"Then there's nothing to do but take her along to headquarters," I says, and off we started, she not saying a word.
That was some trip! I want to tell you sweetie it was the worst part of the whole war to me. You know I got a heart and I felt just fierce for that poor little German mother. All the way in, while we was helping her along I kept wishing I knew how on earth she come to get in that place. She seemed real feeble at times and we lifted her across the worst places. I tried to get her to let me carry the baby, but she held on to it like grim death and wouldnt leave any of us touch it—and it was so quiet I commenced to get scared.
"More than likely its dead!" I whispered to Ceasare and he thought so too.
Before we got in, we had carried her almost a mile, taking turns with her on our crossed hands, and the odd feller guarding our Hun. And then we came to the end of about the very worst and longest hike I ever took including the time the Queen of the Island Company got stranded in New Rochelle. The sentry across that mud hole of a slushy road was the welcomest sight in the world.
"Wot the 'ell yer got?" he says when he recognized us.
"One Gentleman Hun prisoner and one lady ditto in very bad shape!" I says.
"Wot the 'ell!" he says again. And then he passed us and we reported.
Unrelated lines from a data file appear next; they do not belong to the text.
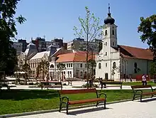 As a part of the New Hungary Development Plan, the town's main square has been completely renovated, with work completed in 2011, in an attempt to restore the atmosphere of the town to that of the time prior to the Socialist Party's building programme, which demolished much of the town centre to make way for blocks of flats. As part of the renovation, the square has been pedestrianised, 46 Secession era-style street lights added, and a singing fountain built in front of the Reformed Church.
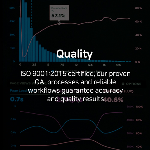 we operate the sampling and 100% review quality assurance (QA) steps for perfect quality control.
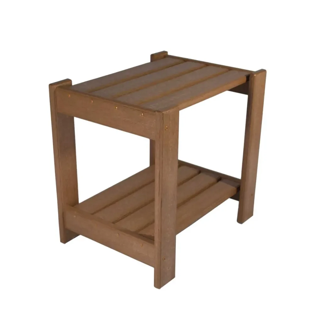 The Adirondack Side Table from Desert Southwest Event Rentals of Lake Tahoe is a rustic and durable faux cedar piece, perfect for outdoor events. Its classic design adds charm to lounges, garden parties, or beachside setups, providing a functional surface for drinks or decor. Elevate your outdoor ambiance with this timeless and versatile addition.
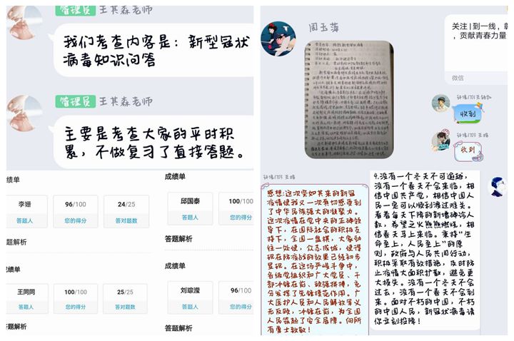 此次活动以抗击疫情为主题,通过线上签到、知识答题、书写心得体会等形式进行。由于支部成员积极响应,热情参与,且在竞赛开始前几日认真学习了相关知识,参赛同学均取得了优异的成绩。“面对严峻的疫情,全国一盘棋,民众一条心,无数党员志愿者奋战于一线,中国共产党再一次凝心聚力,带领全国人民共度时艰”,“疫情就是命令,防控就是责任”……这一刻,大家以真挚的感情书写出心中所感。

Say sweetie, take it or leave it, but I had honest clean forgot all about that wine which we had been sent for in the first place. I tell you I was so worried about that poor woman! And it was not until the five of us was standing in Capt. Haskell's quarters with the light from his ceiling glaring at us and him also glaring from behind his mustache, that I even commenced to remember it. But I had to report so I reported for the bunch of us and in strict detail as good as I could remember. All this while the woman sat in a chair, her face like a stone, and my heart just aching for her.
Well, when I got through taking the most nervous curtin-call of my life—and take it or leave it, if the German army would ever of been as nervous as I was then, the war would of ended that minute. Capt. Haskell beckoned to the lady.
"Come here, please!" he says very kind. "And let me see the baby!"